I am not exactly sure if the two shows in
question from which Jonathan Demme drew the material for his movie, held in
December ʼ83 at one of the theaters in Hollywood, were typical of that
particular tour — there must have been specific elements, conceived exclusively
for the cameras; however, they were definitely a lot different from all
previous concerts by the band, with a lot more emphasis on the visual /
choreographic side of the business. Even on the 1980 tour, when the Heads had
first padded themselves with tons of side musicians, the main reason for that
was to be able to reproduce all the growing complexities on their studio
albums.

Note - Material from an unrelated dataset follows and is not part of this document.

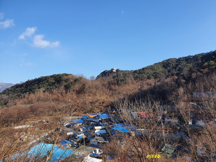 서대문 07번 마을버스가 개미마을 꼭대기까지 올라간다. 도로가 가파른데 겨울에 눈이 오면 어찌 운행을 할지... 사고도 많이 날 것 같다. 마을버스 종점에 내리면 인왕산 등산로 입구도 있다. 마을버스가 지나가는 도로 양쪽으로 집들이 있는데 양쪽 모두 경사가 가파르다. 골짜기 같은 모습이라고 할까.

On Stop Making Sense, the
swarms of side musicians continue to almost overwhelm the main core of the four
band members — but this seems to be much more skewed toward a general effect of
fussiness and camaraderie: the movie shows very well how all those extra people
were needed on stage not just (and not so much) for their playing, but rather for
their kick-ass behavior.
Above everything else, though, this is David
Byrneʼs show: every single song, with the natural exception of ʽGenius Of
Loveʼ, belongs to him 100% of the time, even when he is neither singing nor
playing. Speaking of playing, he has dropped his guitar for more than half of
the songs on here — now that there are so many side players, he really does not
need it that much — in favor of jumping, running, mugging, rolling around,
playing games with Big Suits or Electric Lamps, setting up slideshows, you name
it. This is Rock Theater in a way that you probably have not seen since the
heyday of Alice Cooper and Peter Gabrielʼs Genesis, only with an updated and
mdernized sensitivity that (unlike elements of Aliceʼs and Peterʼs shows) has
not aged one day even thirty-five years later: rewatching the movie recently, I
was struck by how not a single frame, not a single movement by anybody in the
picture could make me go «oh, thatʼs a bit of Eightiesʼ corniness out there». Was
the movie ahead of its time? Probably not; but no other experience has managed
to catch up with it in all the time thatʼs elapsed since then.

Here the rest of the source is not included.